According to Kitco, world gold prices are forecast to continue to fluctuate cautiously next week as investors simultaneously monitor the interest rate policy of the US Federal Reserve (Fed), inflation developments and geopolitical tensions in the Middle East.
Mr. Kevin Grady - Chairman of Phoenix Futures and Options - said that the gold market has not yet formed a clear trend due to low liquidity and anticipation sentiment overwhelming investors.
According to Mr. Grady, most of the current transactions are mainly position conversion activities between futures contracts, instead of new speculative cash flow participating in the market.
He assessed that the risk of gold increasing and decreasing is currently quite balanced because any geopolitical developments can strongly impact prices.
I think the risk of price drops is currently equal to the risk of price increases, because any news can strongly impact this market," he said.

According to this expert, investors are limiting opening large positions in the context of the market entering a long holiday and liquidity decreasing. In the short term, gold prices are likely to continue to fluctuate in a narrow range and there has not been strong enough momentum to form a sustainable upward trend.
From a monetary policy perspective, Mr. David Morrison - senior market analyst at Trade Nation - believes that gold may face more pressure as the market increasingly bets heavily on the possibility of the Fed continuing to raise interest rates.
According to CME's FedWatch tool, the probability of the Fed raising interest rates by another 25 basis points before the end of the year is currently at 42%, higher than the probability of keeping interest rates unchanged at 30%. At the same time, the probability of the Fed raising a total of 50 basis points this year has increased to 22%, while a month ago it was almost zero.
Mr. Morrison said that this development is likely to be detrimental to gold. He also noted that although US public debt has exceeded 100% of GDP, the market is not really too concerned about the federal budget deficit.
According to Mr. Morrison, in the context of little important economic data next week, investors will continue to focus on monitoring risks related to the Iranian conflict. Vacations in Europe, the UK and the US may also make early week trading quite sluggish.

After a disappointing consumer psychology survey by the University of Michigan in the last session of the week, the market is now shifting its attention to the Consumer Confidence Report of the US Conference Board.
The University of Michigan said the consumer sentiment index fell to a new record low of 44.8 points, while one-year inflation expectations rose to 4.8%.
By the end of the week, the market will receive the US Q1 GDP data for the second time. However, according to analysts, the April inflation data and the Personal Consumption Expenditure (PCE) index are the most concerned focus.
Analysts believe that gold prices may become more sensitive if inflationary pressure continues to increase.

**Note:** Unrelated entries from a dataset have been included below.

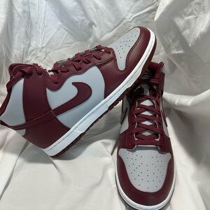 Step into style with these Nike sneakers, showcasing a bold red and gray color palette. Crafted from premium leather, they feature a classic silhouette and a comfortable lace-up closure, perfect for any occasion.
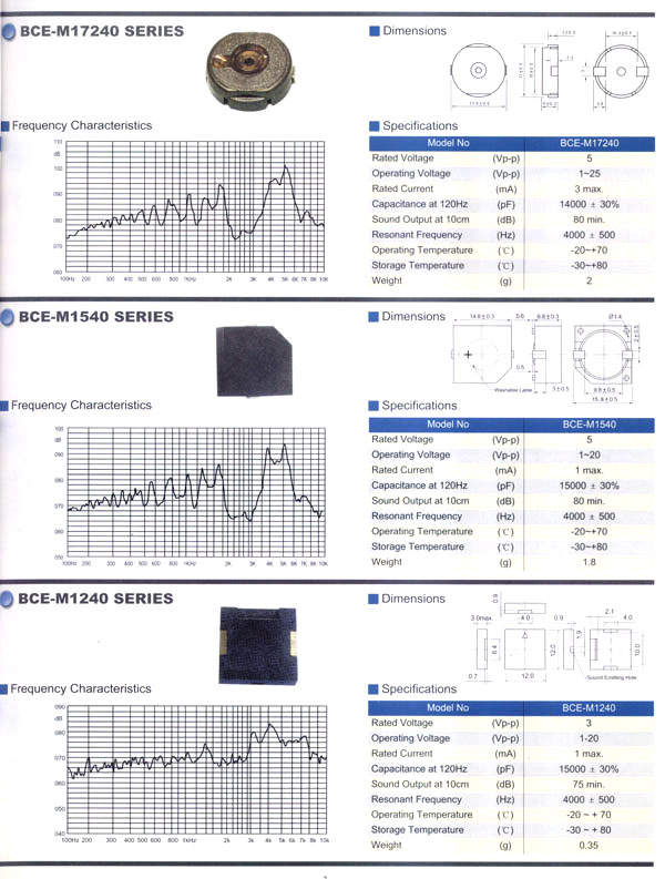 本公司生產(chǎn)的蜂鳴器結(jié)構(gòu)緊密,材質(zhì)輕,功耗低,質(zhì)量可靠,使用方便,價格合理,采用最新技術(shù)電子元件。廣泛應(yīng)用于打印機(jī)、電話、定時器、尋呼機(jī)、洗衣機(jī)、取款機(jī)、報警器、電腦終端機(jī)、復(fù)印機(jī)、電唱機(jī)、汽車及摩托車電子設(shè)備、空調(diào)設(shè)備、萬用表、遙控裝置、各種安全裝置以及便攜或電池式迷你型裝置。
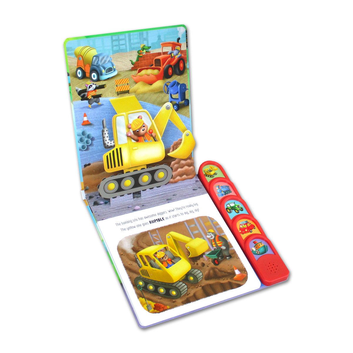 Berisi cerita kegiatan-kegiatan seru tentang kendaraan seperti diggers, blue train, tractor dll
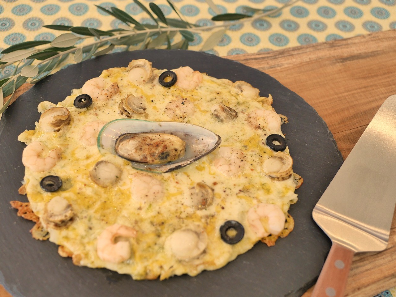 バジルソースをベースに、プリプリのエビ、柔らかいベビーホタテ、パーナ貝をトッピングしました。
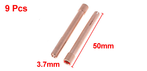 Product Name Contact Tip Fit for WP18 Argon Arc Welding Torch Material Copper Clamp Hole Diameter 1.8mm / 0.07" Inner Hole Diameter 3.7mm / 0.145" Total Size 50 x 6mm/2" x 0.2"(L*Max.D) Color Copper Tone Weight 60g Package Content 9 x Contact Tips - Reviews
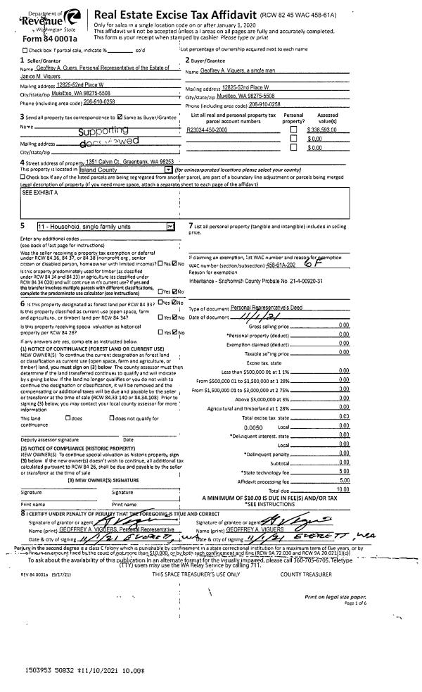 | 1 | 11/01/2021 | PRD | Personal Representatives Deed | VIGUERS, GEOFFREY A | VIGUERS, GEOFFREY A | | | $0.00 | 50832 | 4533508 |
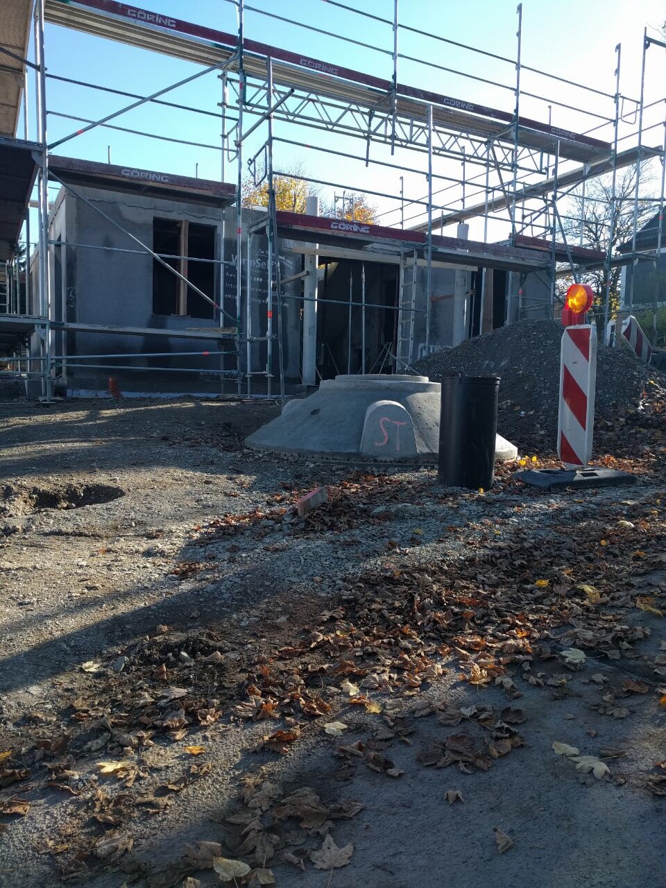 Die Zisterne wurde anfangs nicht tief genug eingegraben. Bei uns war es irgendwie ähnlich. Irgendjemand (GU oder sein Sub- Tiefbauer oder beide) waren schlicht zu doof, das Bodengutachten zu lesen. Das Ergebnis sah dann so aus:
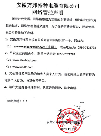 鄭重聲明:安徽萬邦特種電纜有限公司官方網站為:www_wanbangcable_com.weixingit.cn,除此之外無任何子網站或合作網站,其余均為假冒偽劣。電話:0550-7621728 13485756353 地 址:安徽省天長市滁州高新技術產業開發區經四路29號
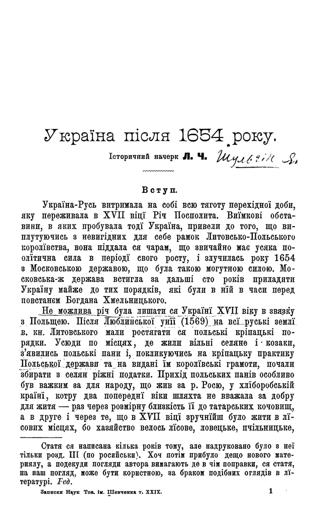 Л. Ч.* [Шульгин, Яків]. Україна після 1654 р. : історичний начерк / Яків Шульгин // Записки Наукового товариства ім. Шевченка. – Кн. ІІІ. – Т. XXIX. – Львів, 1899. – С. 1-13.
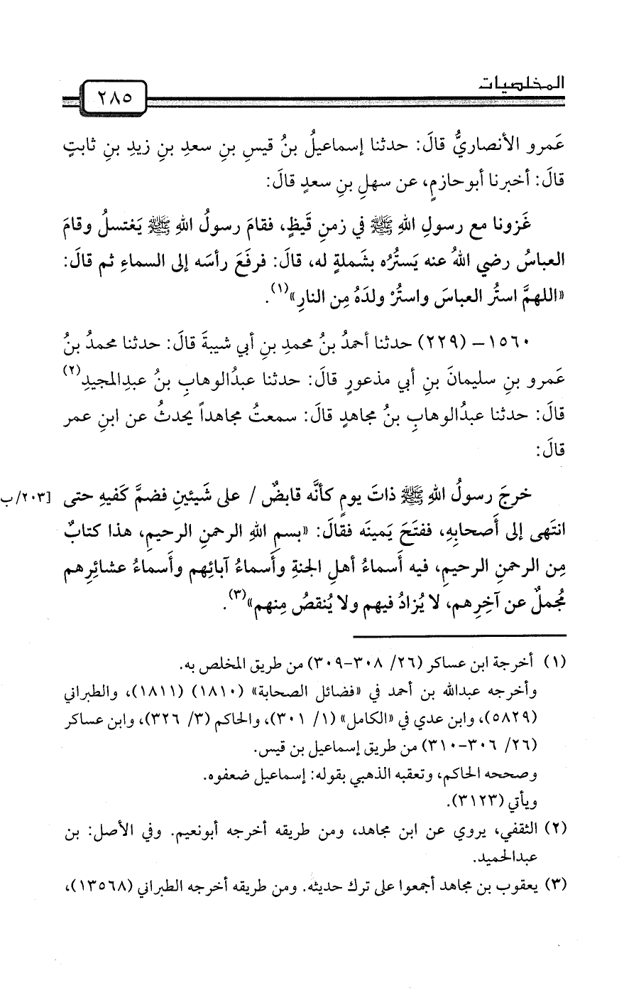 (¬1) أخرجة ابن عساكر (26/ 308-309) من طريق المخلص به.
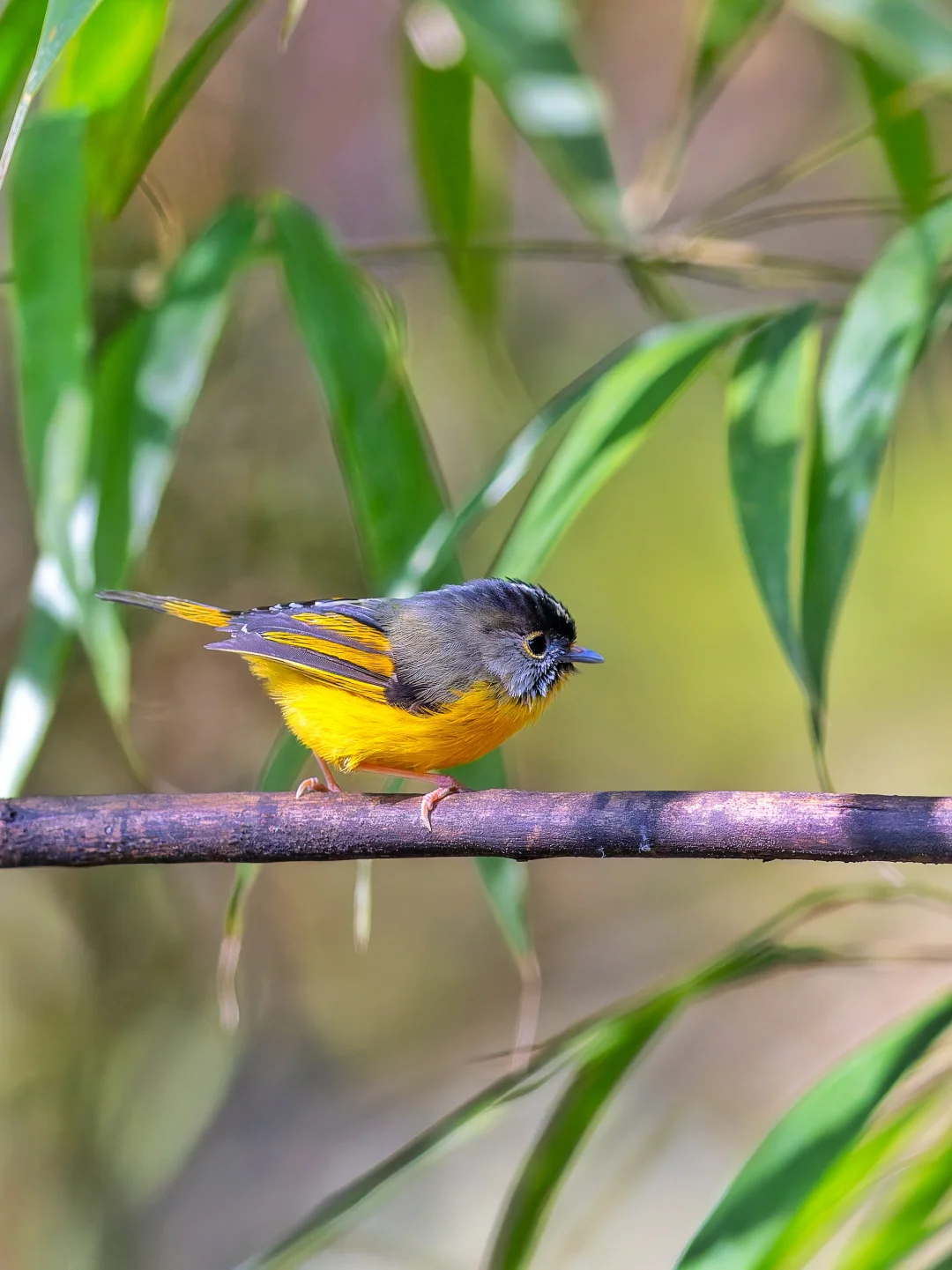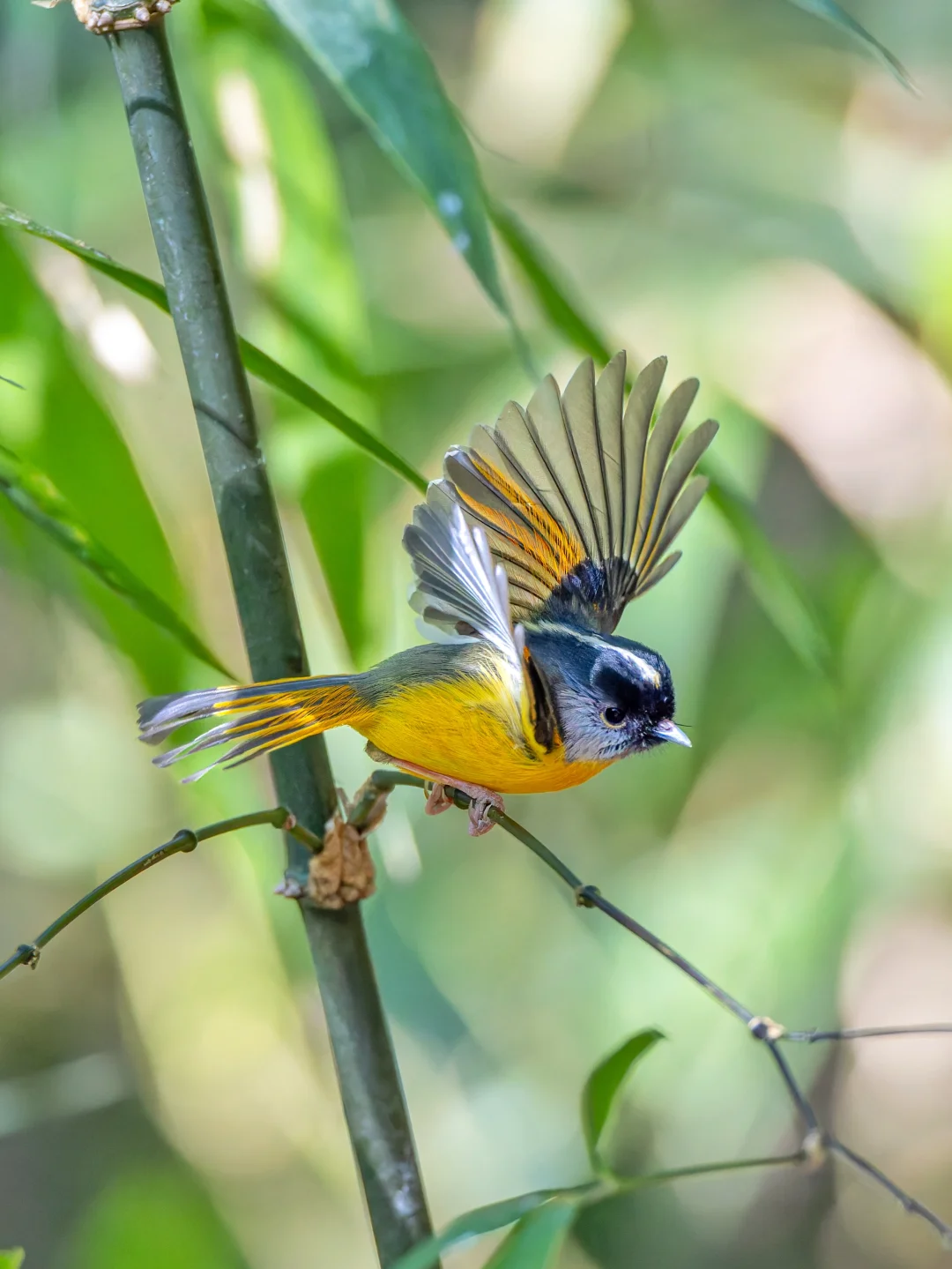 原创拍摄于2026.02 金胸雀鹛,Golden-breasted Fulvetta,雀形目鸦雀科金胸雀鹛属。在我国主要分布在西南地区。 金胸雀鹛是一个鸟界大明星,颜值实在是太高,非常受追捧,色彩斑斓以亮黄色的腹部和橙色翼斑著名。而且体型圆润,非常可爱,像一颗小太阳,橙色翼斑一闪一闪,简直美到犯规,谁看了不心动啊! 不过跳动真的很快,虽然见到多次,但还是想再拍一次,哈哈哈。
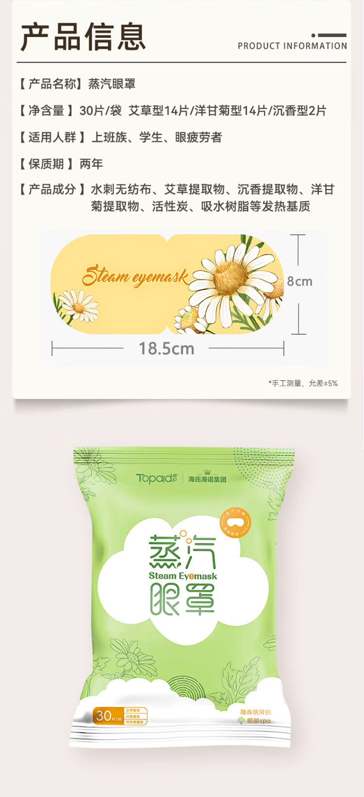 Haishi Hainuo Hot Compress Steam Eye Mask Eye Protection to Relieve Dry Eyes and Eye Fatigue (Chamomile 14 Mugwort 14 Agarwood 2) 30 tablets in total
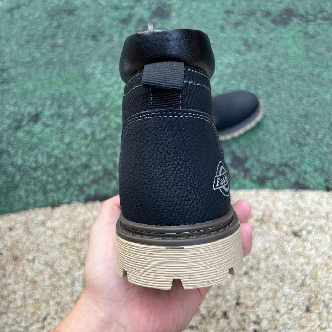 Step into confidence and conquer any terrain with the Men’s Black Rugged Fashion Ankle Boots. Engineered for the modern man who values both sophisticated style and unwavering durability, these lace-up boots are your ultimate companion for urban exploration and outdoor adventures. The striking black upper is perfectly contrasted by a distinctive tan sole, creating a bold aesthetic that effortlessly transitions from a casual day out to more rugged environments. Experience the perfect fusion of fashion-forward design, lasting comfort, and robust construction, ensuring every step you take makes a statement.
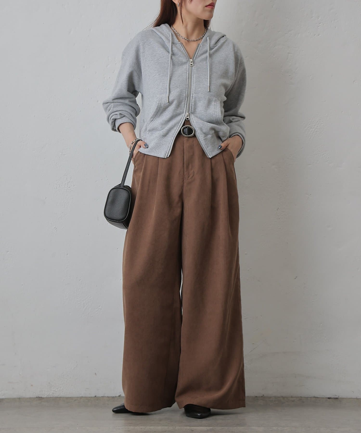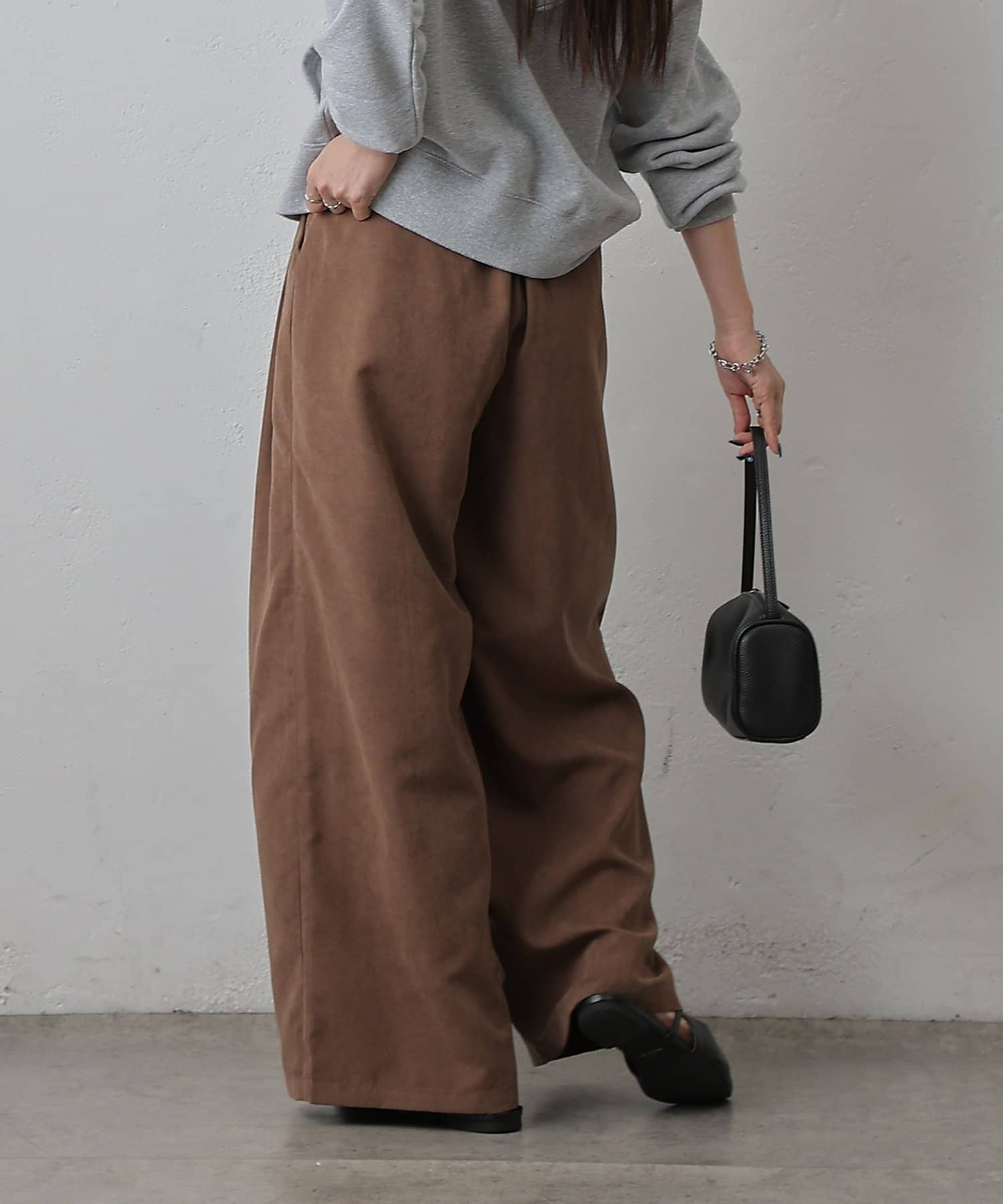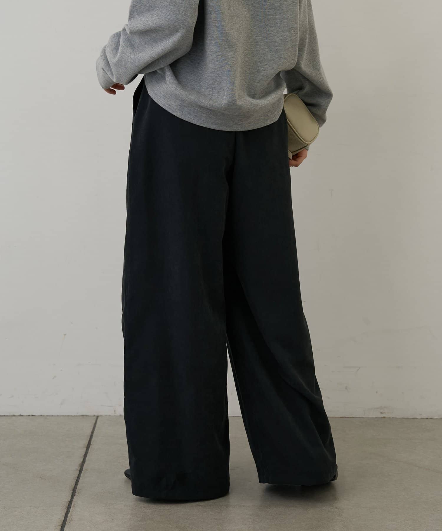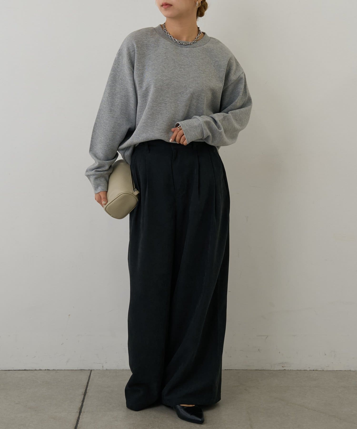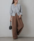 ブラウスやTシャツ、スウェットなどいろいろなアイテムと相性もいいので着回しにも困らないワイドパンツです。

Meanwhile, Mr. Alex Kuptsikevich - senior market analyst at FxPro - said that gold is still in a medium-term downtrend.
He said that gold prices are currently near the mid- 50-day and 200-day moving averages. This shows that the long-term upward trend has not been broken, but the medium-term trend has shifted to more negative.
According to Mr. Kuptsikevich, the series of low peaks gradually forming from the end of January shows that buying power in the market is weakening.
It is highly likely that gold prices will fall to the 4,370-4,400 USD/ounce range by the end of next week," he warned.
He believes that this area will be a strong tug-of-war zone between buyers and sellers. If gold penetrates the upper support zone, selling pressure may increase significantly. Conversely, to confirm the possibility of returning to an upward trend, gold needs to maintain stability above the 4,800 USD/ounce zone.